Stored items from a collection:
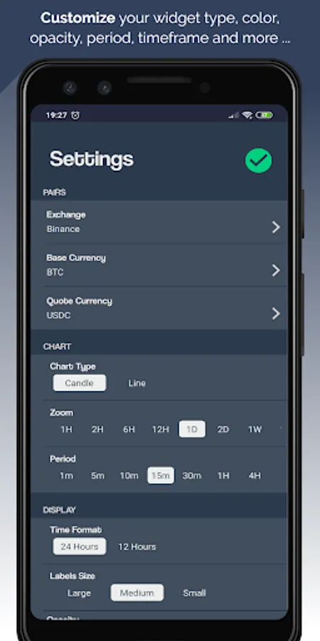 • Editable widget size and opacity
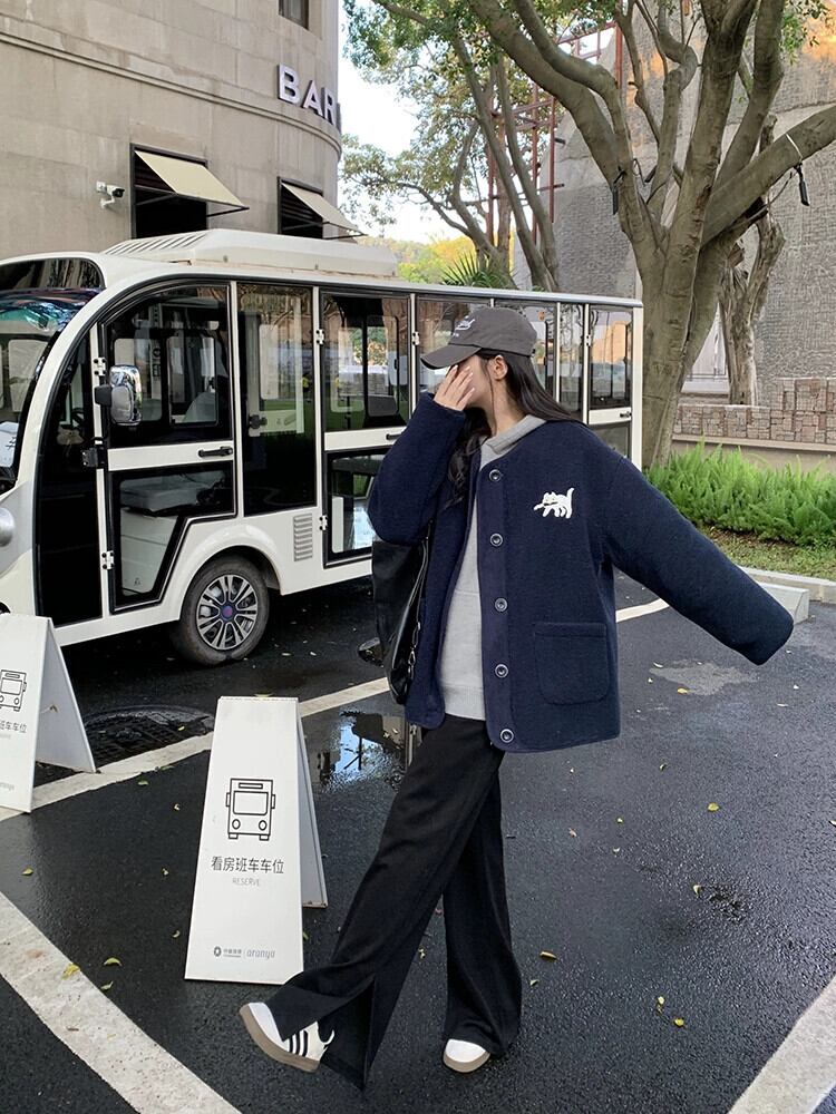 レトロアメリカン野球ユニムジャケット女性秋冬 2023 新しいルーズミッドレングスデザインカジュアル長袖トップ ロング オータム 秋物 ウィンター 冬物 missk11303504895
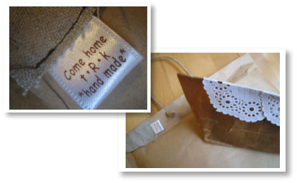 とっても素敵な贈り物が届いたので紹介します。 贈り主はRk.mommy.ちゃん。実は、幸運にもRk.mommy.ちゃんのカウプレに当たったわたし。Rk.mommy.ちゃんの作るものはとってもセンスよくって届くのをわくわくしながら待っていたんです・・ラッピングもほら、とっても素敵でしょ?オリジナルのタグがついていたり、かわいい切手が貼ってあったり、開ける前からなんだかどきどきしてしまう素敵な贈り物です。・・で、気になる中身はというと・・これまた素敵。decola*のストライクゾーンにビューンって直撃。笑 まずはワックスペーパーの袋の中にはいっていた雑貨たち。カレルのティーパックにキャトルのいちごジャム、それからアルミカップ。これはたぶん、ベトナムコーヒーとか淹れるものなのかな?(違ってたらごめんね。)そしてオリジナルのポストカードの下に写ってるのがなんともかわいいファスナーつきポーチ。花柄のふんわりガーゼ生地で裏地はワッフッル。とっても優しい感じなんです・・ラウンド型になってるところがとってもかわいいでしょ?・・で、これだけでも充分素敵なんだけど、実はもうひとつ。。 これ、これ・・もう、めちゃくちゃかわいくない~??写真じゃわかりにくいかもしれないけど、サイドにスリットが入っていたり、持ち手も布が切り替えてあったりとにかく手が込んでるし、とってもかわいいの♪リネンとアラン模様っぽいニット地との組み合わせでブラウン系が好きなわたしは目がハートになっちゃいました!Rk.mommy.ちゃんったら、わたしの趣味を知ってたの~?笑心のこもった素敵な贈りもの・・どうもありがとう。大事に大事に使わせてもらうね♪心がほんわか、優しい気持ちになれるRk.mommy.ちゃんのHP、よかったら遊びに行ってみてね。ランキングに参加しています。お暇があればポチっとお願いします!人気blogランキングDesigned by ennui**
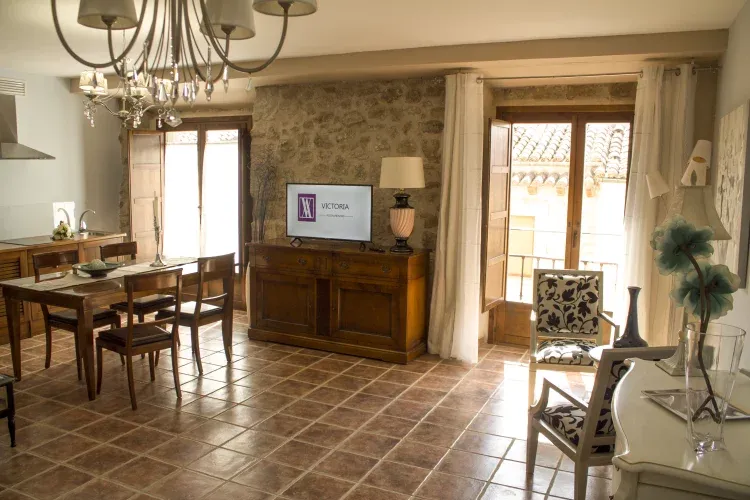 Nuestros modernos apartamentos Alojamientos Victoria se encuentran en la primera planta de un edificio histórico del siglo XV de singular arquitectura; el mismo edificio que alojaba a los primeros turistas ya en los años 40 en la famosa Pensión urbana.
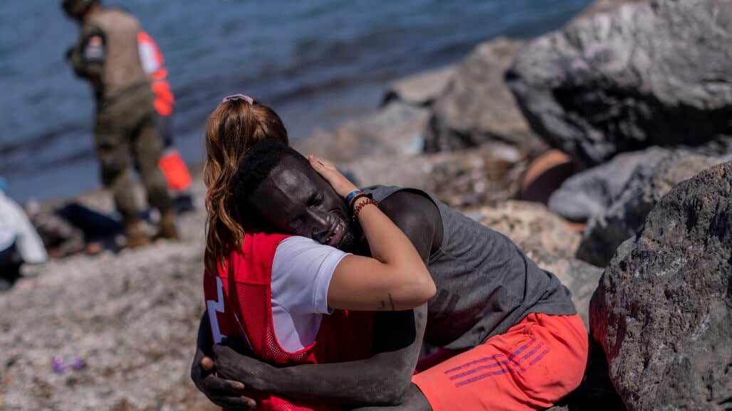 Es una de las imágenes de la crisis migratoria en Ceuta entre España y Marruecos, la joven de la Cruz Roja que abraza a uno de los migrantes que llegan a laplaya del Tarajal. La voluntaria, Luna, aparece en las imágenes consolando al migrante mientras al fondo de la imagen los sanitarios tratan a su compañero.

- [TASK DESCRIPTION]: With the pictures removed, the entries above should be transcribed exactly.

- [RESULT OF THE EXERCISE]:
 • Editable widget size and opacity
 レトロアメリカン野球ユニムジャケット女性秋冬 2023 新しいルーズミッドレングスデザインカジュアル長袖トップ ロング オータム 秋物 ウィンター 冬物 missk11303504895
 とっても素敵な贈り物が届いたので紹介します。 贈り主はRk.mommy.ちゃん。実は、幸運にもRk.mommy.ちゃんのカウプレに当たったわたし。Rk.mommy.ちゃんの作るものはとってもセンスよくって届くのをわくわくしながら待っていたんです・・ラッピングもほら、とっても素敵でしょ?オリジナルのタグがついていたり、かわいい切手が貼ってあったり、開ける前からなんだかどきどきしてしまう素敵な贈り物です。・・で、気になる中身はというと・・これまた素敵。decola*のストライクゾーンにビューンって直撃。笑 まずはワックスペーパーの袋の中にはいっていた雑貨たち。カレルのティーパックにキャトルのいちごジャム、それからアルミカップ。これはたぶん、ベトナムコーヒーとか淹れるものなのかな?(違ってたらごめんね。)そしてオリジナルのポストカードの下に写ってるのがなんともかわいいファスナーつきポーチ。花柄のふんわりガーゼ生地で裏地はワッフッル。とっても優しい感じなんです・・ラウンド型になってるところがとってもかわいいでしょ?・・で、これだけでも充分素敵なんだけど、実はもうひとつ。。 これ、これ・・もう、めちゃくちゃかわいくない~??写真じゃわかりにくいかもしれないけど、サイドにスリットが入っていたり、持ち手も布が切り替えてあったりとにかく手が込んでるし、とってもかわいいの♪リネンとアラン模様っぽいニット地との組み合わせでブラウン系が好きなわたしは目がハートになっちゃいました!Rk.mommy.ちゃんったら、わたしの趣味を知ってたの~?笑心のこもった素敵な贈りもの・・どうもありがとう。大事に大事に使わせてもらうね♪心がほんわか、優しい気持ちになれるRk.mommy.ちゃんのHP、よかったら遊びに行ってみてね。ランキングに参加しています。お暇があればポチっとお願いします!人気blogランキングDesigned by ennui**
 Nuestros modernos apartamentos Alojamientos Victoria se encuentran en la primera planta de un edificio histórico del siglo XV de singular arquitectura; el mismo edificio que alojaba a los primeros turistas ya en los años 40 en la famosa Pensión urbana.
 Es una de las imágenes de la crisis migratoria en Ceuta entre España y Marruecos, la joven de la Cruz Roja que abraza a uno de los migrantes que llegan a laplaya del Tarajal. La voluntaria, Luna, aparece en las imágenes consolando al migrante mientras al fondo de la imagen los sanitarios tratan a su compañero.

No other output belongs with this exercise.